Collected data =
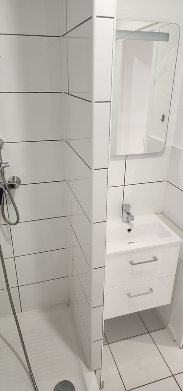 Studio comprenant une entrée, un séjour avec coin cuisine équipée kitchenette et rangements, placards, une salle de douche avec wc.
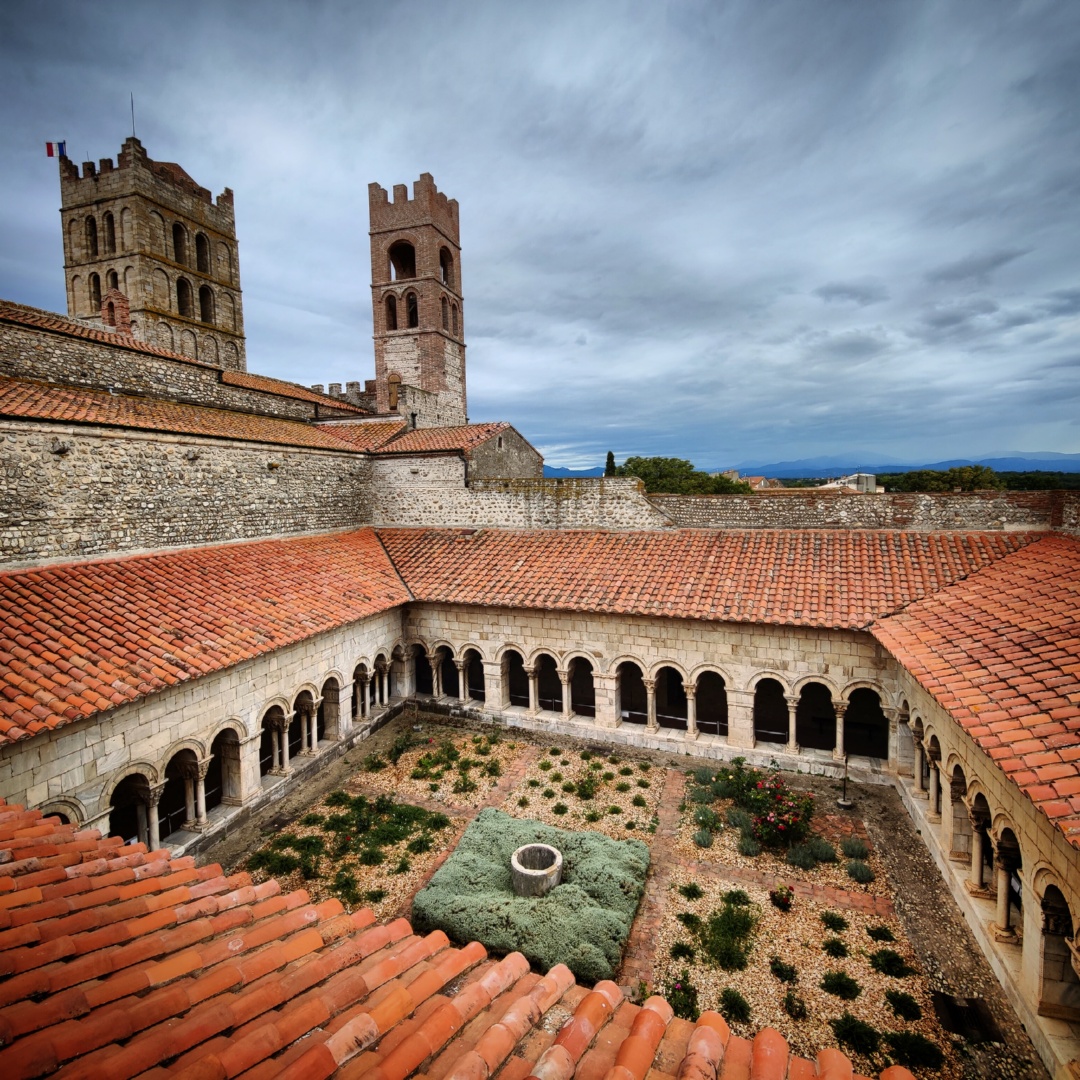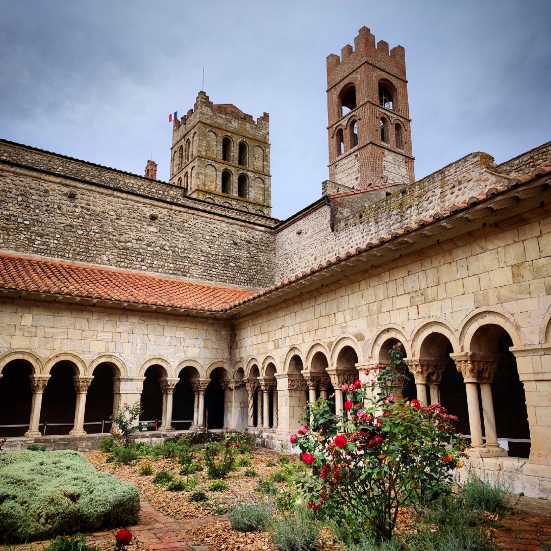 Elne est une jolie ville aux accents médiévaux très bien conservés, et avec sur le promontoire de la ville haute un superbe ensemble épiscopal roman (du Roussillon) formé par la cathédrale et le cloître. C’était une ville importante et donc un évêché au Moyen-Âge, mais Perpignan lui ayant soufflé la vedette, tous les travaux et toutes les ambitions ont été stoppés à Elne pour se concentrer sur la nouvelle capitale et cathédrale. L’avantage de cela, c’est qu’on se retrouve avec une magnifique architecture romane, avec quelques caractéristiques gothiques, et surtout un cloître qui a le mérite d’avoir été très peu remanié depuis le XIIe-XIVe (époques de construction).
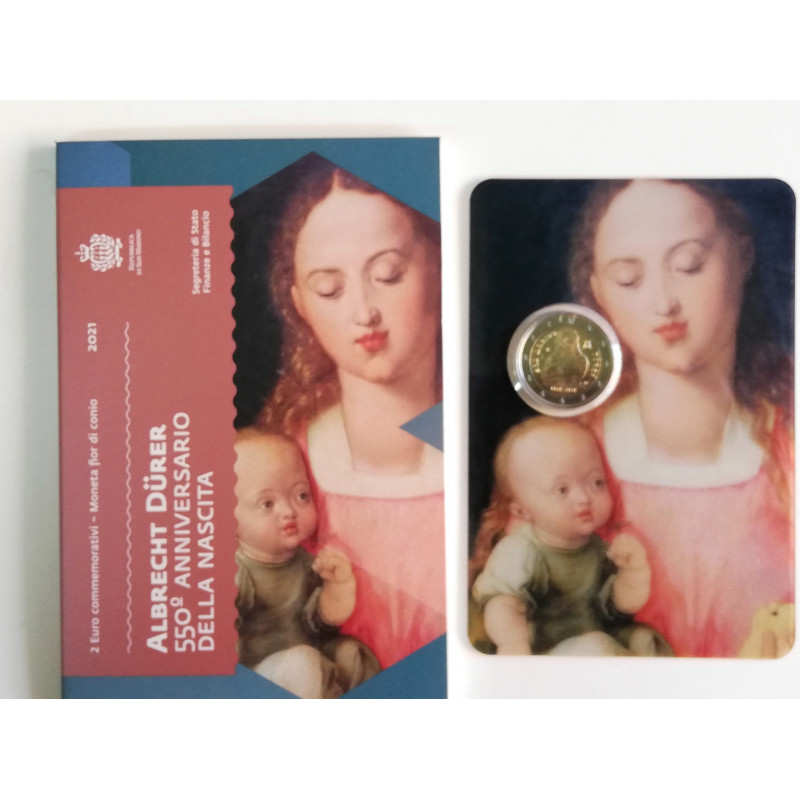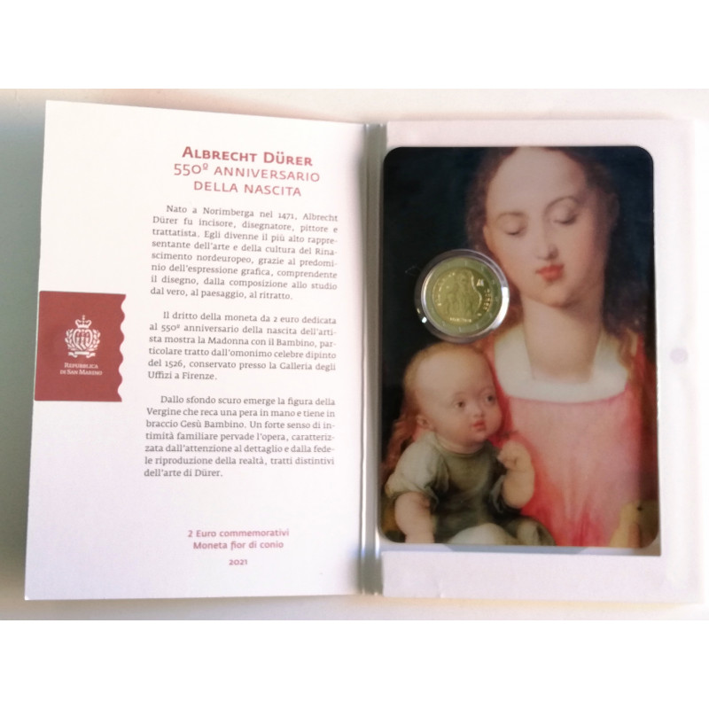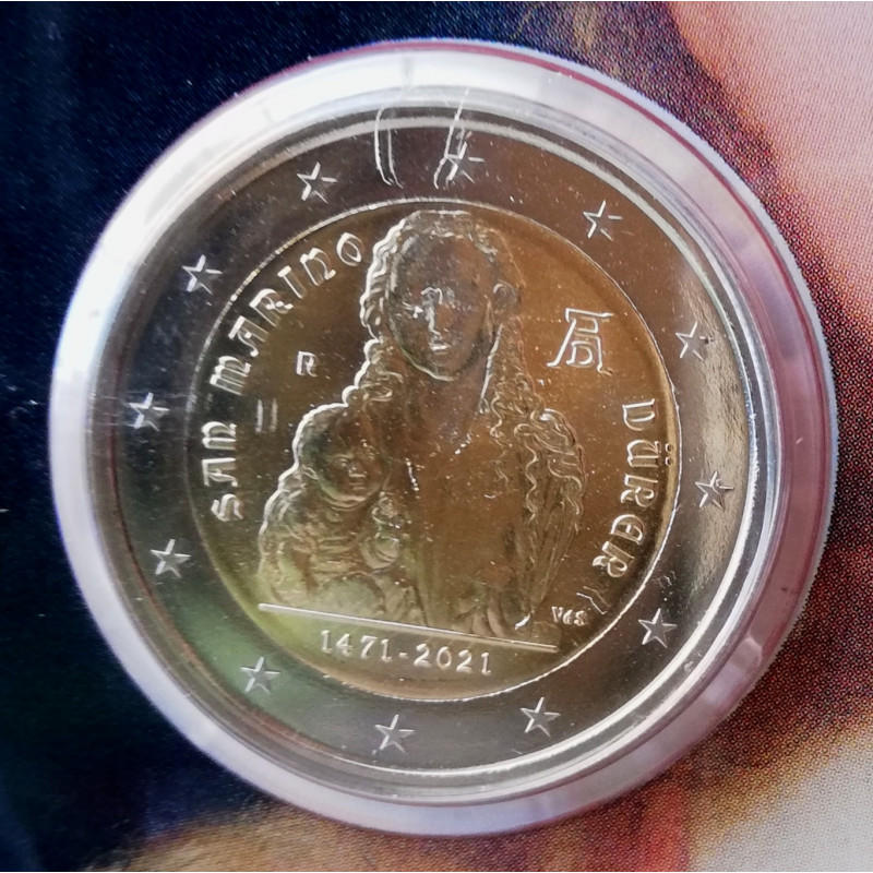 Moneda de 2 euros conmemorativa bimetalica de San Marino, dedicada a Albrecht Durero.

What this task involves = Reprint the listing above verbatim but drop the images.

Task answer =
 Studio comprenant une entrée, un séjour avec coin cuisine équipée kitchenette et rangements, placards, une salle de douche avec wc.
 Elne est une jolie ville aux accents médiévaux très bien conservés, et avec sur le promontoire de la ville haute un superbe ensemble épiscopal roman (du Roussillon) formé par la cathédrale et le cloître. C’était une ville importante et donc un évêché au Moyen-Âge, mais Perpignan lui ayant soufflé la vedette, tous les travaux et toutes les ambitions ont été stoppés à Elne pour se concentrer sur la nouvelle capitale et cathédrale. L’avantage de cela, c’est qu’on se retrouve avec une magnifique architecture romane, avec quelques caractéristiques gothiques, et surtout un cloître qui a le mérite d’avoir été très peu remanié depuis le XIIe-XIVe (époques de construction).
 Moneda de 2 euros conmemorativa bimetalica de San Marino, dedicada a Albrecht Durero.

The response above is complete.